Claude Code-like JSON/JSONL transcripts can be imported when they contain common message/content-block shapes such as `tool_use` and `tool_result`:

```bash
jep-claude-replay import-claude-code examples/transcripts/claude_code_transcript.jsonl \
-o examples/archives/claude_code_import.jsonl
```

MCP JSON-RPC transcript captures can be imported from `tools/call` request/result pairs:

```bash
jep-claude-replay import-mcp examples/transcripts/mcp_transcript.jsonl \
-o examples/archives/mcp_import.jsonl
```

## 12. Detached signatures and key rotation

The prototype supports detached HS256 signatures for local/dev workflows and Ed25519 detached signatures for public-key verification. The signature is excluded from the event hash payload and can be rotated by `kid`:

```bash
jep-claude-replay keygen .local/keyring.json --kid local-1
jep-claude-replay sign examples/archives/simple_tool_session.jsonl --keyring .local/keyring.json \
-o examples/archives/simple_tool_session.signed.jsonl
jep-claude-replay verify examples/archives/simple_tool_session.signed.jsonl --keyring .local/keyring.json
jep-claude-replay rotate-key .local/keyring.json local-2

# Public-key mode
jep-claude-replay keygen .local/ed25519-keyring.json --kid ed-1 --alg Ed25519
jep-claude-replay sign examples/archives/simple_tool_session.jsonl --keyring .local/ed25519-keyring.json --alg Ed25519 \
-o examples/archives/simple_tool_session.ed25519.jsonl
```

## 13. Artifact manifests, diff verification, provenance, evidence policy

- Golden archive tests pin canonical events, event hashes, signatures, and replay output to catch compatibility regressions.
- Artifact manifests record digest, size, media type, role, and redaction mode for replay-safe evidence bundles.
- Diff-aware verification plugins validate required or forbidden additions in file edits.
- Browser/API provenance adapters capture query/request/response digests, origins, status, and preview policy.
- Evidence policies support `digest-only`, `digest-preview`, and tightly scoped `allow-raw` modes.
- Layered verification profiles report `basic`, `chain`, `signature`, `replay`, `evidence`, and `policy` results.
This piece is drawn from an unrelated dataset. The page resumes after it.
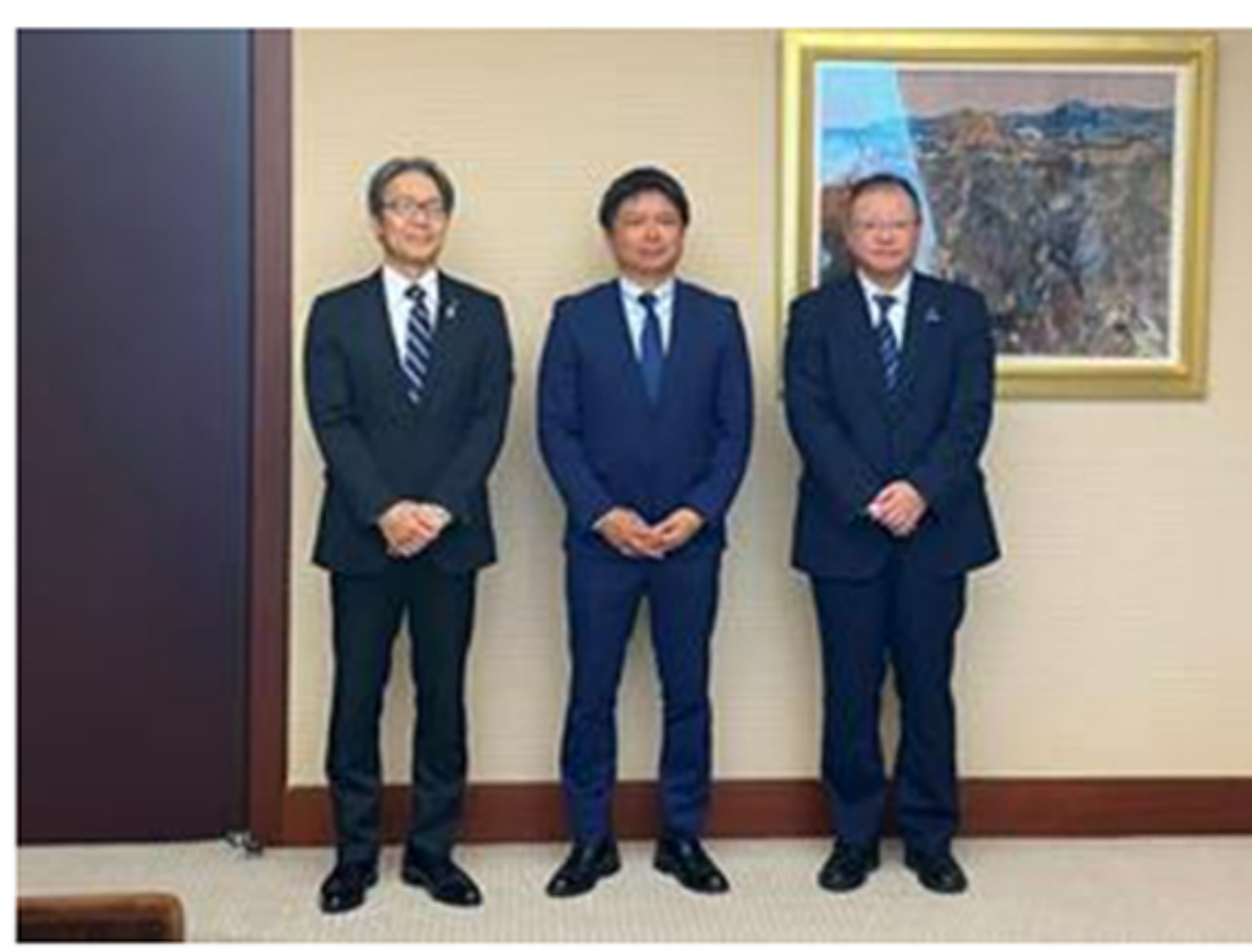
進出報告会（左から新潟県笠烏副知事、磯代表取締役、新潟市井崎副市長）

このたび、新潟県とともに誘致を進めてきた株式会社ブラージュ（本社：東京都品川区）の磯代表取締役が、本市進出の報告を令和6年5月28日（火曜）に行いました。

## 14. Artifact pack export/import

A `.jcrpack` bundles `archive.jsonl`, `manifest.json`, evidence files, `signatures.json`, and `verification-report.json` for replay-safe transport. Because `.jcrpack` is a zip container, generated pack files are intentionally ignored by git so pull requests stay text-reviewable:

```bash
jep-claude-replay pack examples/archives/simple_tool_session.signed.jsonl \
-o examples/packs/simple_tool_session.jcrpack \
--evidence examples/mock_claude_session/simple_tool_session.json \
--keyring examples/keyrings/example_keyring.json

jep-claude-replay unpack examples/packs/simple_tool_session.jcrpack -o /tmp/jcrpack
```

## 15. Security and privacy limitations

- `shell.run` is mocked and never executes a real command.
- `filesystem.write` is sandbox-scoped in the mock MCP wrapper.
- Digests and previews reduce raw evidence exposure but are not a complete privacy solution.
- HS256 signatures are real stdlib MACs but are not public-key signatures and are not a production key-management system.
- Verification is prototype verification, not a legal or compliance guarantee.

## 16. Roadmap

- Add more Claude Code transcript dialect fixtures.
- Add optional KMS-backed detached signatures.
- Add richer evidence artifact manifests and encrypted evidence stores.
- Add more diff-aware verification plugins.
- Add browser/API provenance adapters for concrete tool providers.
- Build and publish the React Flow UI as package assets.

## Examples

- `simple_tool_session`: read-only file inspection, Replay PASS.
- `code_edit_session`: sandbox edit and mock diff verification, Replay PASS.
- `tampered_session`: manually edited event field, Replay FAIL.
- `claude_code_import`: imported Claude Code-style transcript, Replay PASS.
- `mcp_import`: imported MCP JSON-RPC transcript, Replay PASS.
- `matrix_*`: Claude Code dialect matrix for tool failure, permission denied, file patch, shell output, and MCP multi-server flows.
- `examples/packs/`: output directory for generated `.jcrpack` bundles; binary pack files are intentionally gitignored to keep PR diffs reviewable.

Claude is not just chatting. Claude is running. And its run can be replayed.